Newton's notions of a field of force and of action at a distance and Maxwell's concept of electromagnetic "waves" were at first decried as "unthinkable" and "contrary to intuition." Modern technology and radio in the homes have popularized these notions to such an extent that they form part of the ordinary vocabulary. Similarly, the modern student has no appreciation of the modes of thinking, the prejudices, and other difficulties against which the theory of probability had to struggle when it was new. Nowadays newspapers report on samples of public opinion, and the magic of statistics embraces all phrases of life to the extent that young girls watch the statistics of their chances to get married. Thus everyone has acquired a feeling for the meaning of statements such as "the chances are three in five." Vague as it is, this intuition serves as background and guide for the first step. It will be developed as the theory progresses and acquaintance is made with more sophisticated applications.
The concepts of geometry and mechanics are in practice identified with certain physical objects, but the process is so flexible and variable that no general rules can be given.

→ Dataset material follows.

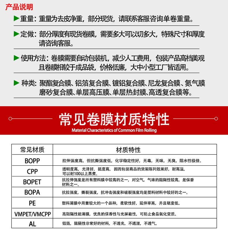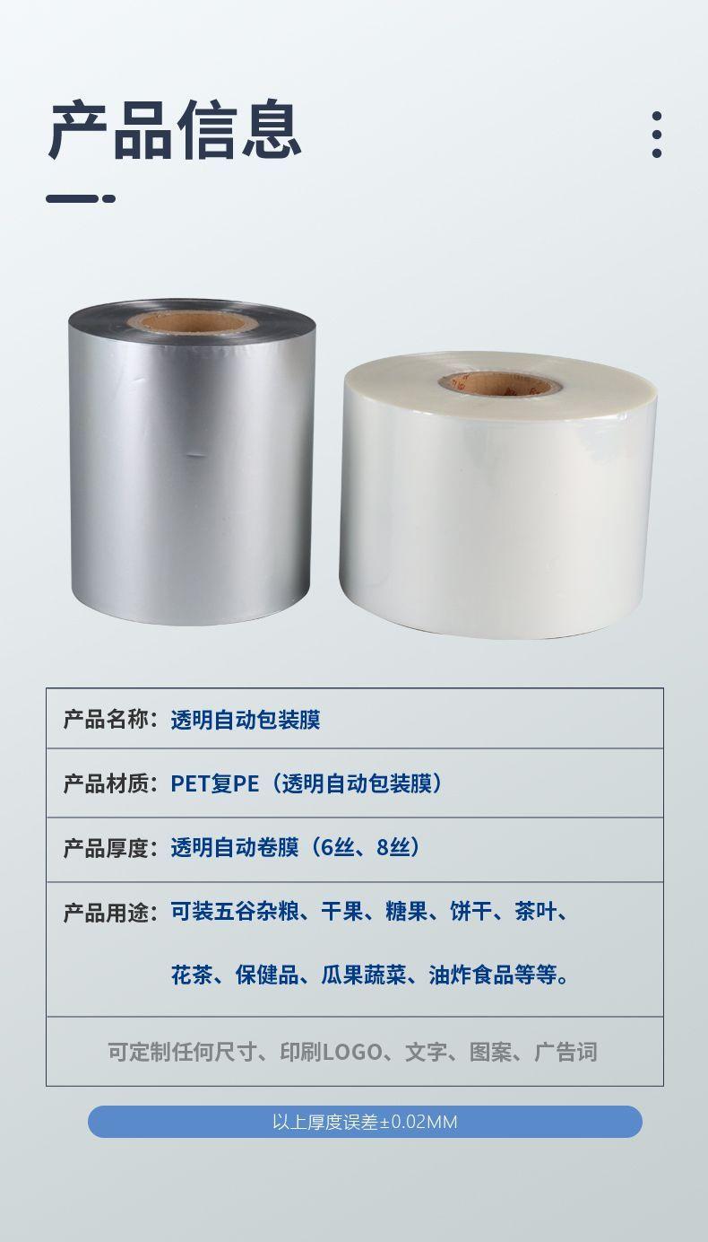 Máquina de embalaje totalmente automática, película compuesta de poliéster, PET aluminizado esmerilado, película de embalaje de alta transparencia, impresión de película compuesta, personalización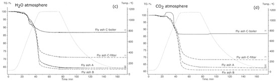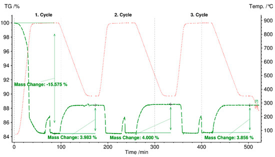 - Cycling stability tests, i.e., various charging and discharging of heat, as the third requirement for TCES materials, were accomplished for fly ash sample C-boiler for three cycles in STA. The charging step occurred at a heating rate of 30 °C/min up to 880 °C for 30 min, followed by heat storage between 99 and 290 kJ/kg. Discharging started at a cooling rate of 10 °C/min from 880 °C to 350 °C, maintaining at 350 °C for 30 min in CO2 and H2O vapor atmospheres, and followed by heat release between 73 and 101 kJ/kg.

The notion of a rigid body is fundamental and useful, even though no physical object is rigid. Whether a given body can be treated as if it were rigid depends on the circumstances and the desired degree of approximation. Rubber is certainly not rigid, but in discussing the motion of automobiles text books treat the rubber tires as rigid bodies. Depending on the purpose of the theory, we disregard the atomic structure of matter and treat the sun now as a ball of continuous matter, now as a single mass point.
. . . The manner in which mathematical theories are applied does not depend on preconceived ideas; it is a purposeful technique depending on, and changing with, experience.
Feller, William (1950) An Introduction to Probability Theory and Its Applications, 2nd ed.